◆ **EXERCISE GOAL**:
Using the records that appear below, write out exactly the lines from the one with "У меня растет" through the one with "A 19TH / 20TH", keeping both end lines.

◆ **EXERCISE MATERIALS**:
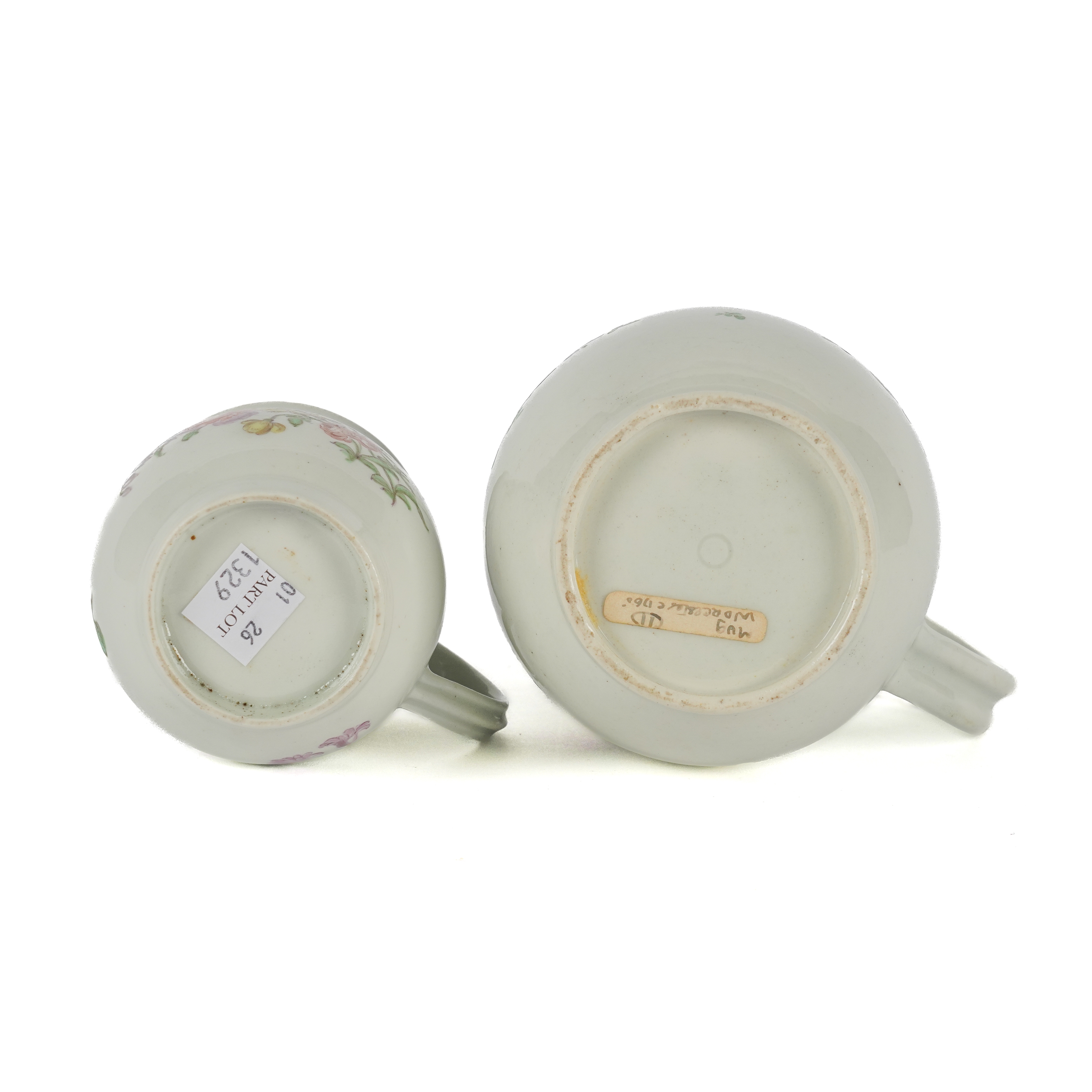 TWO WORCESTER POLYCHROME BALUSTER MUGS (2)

--

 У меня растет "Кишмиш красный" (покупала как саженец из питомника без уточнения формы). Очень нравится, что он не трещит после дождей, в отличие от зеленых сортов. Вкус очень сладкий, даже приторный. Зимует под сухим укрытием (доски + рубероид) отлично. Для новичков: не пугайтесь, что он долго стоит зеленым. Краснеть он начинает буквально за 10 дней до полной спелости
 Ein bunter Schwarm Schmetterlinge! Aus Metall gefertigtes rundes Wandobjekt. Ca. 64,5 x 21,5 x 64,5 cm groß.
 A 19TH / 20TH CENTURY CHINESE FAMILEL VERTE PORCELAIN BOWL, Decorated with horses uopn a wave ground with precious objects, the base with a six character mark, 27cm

◆ **EXPECTED ANSWER**:
 У меня растет "Кишмиш красный" (покупала как саженец из питомника без уточнения формы). Очень нравится, что он не трещит после дождей, в отличие от зеленых сортов. Вкус очень сладкий, даже приторный. Зимует под сухим укрытием (доски + рубероид) отлично. Для новичков: не пугайтесь, что он долго стоит зеленым. Краснеть он начинает буквально за 10 дней до полной спелости
 Ein bunter Schwarm Schmetterlinge! Aus Metall gefertigtes rundes Wandobjekt. Ca. 64,5 x 21,5 x 64,5 cm groß.
 A 19TH / 20TH CENTURY CHINESE FAMILEL VERTE PORCELAIN BOWL, Decorated with horses uopn a wave ground with precious objects, the base with a six character mark, 27cm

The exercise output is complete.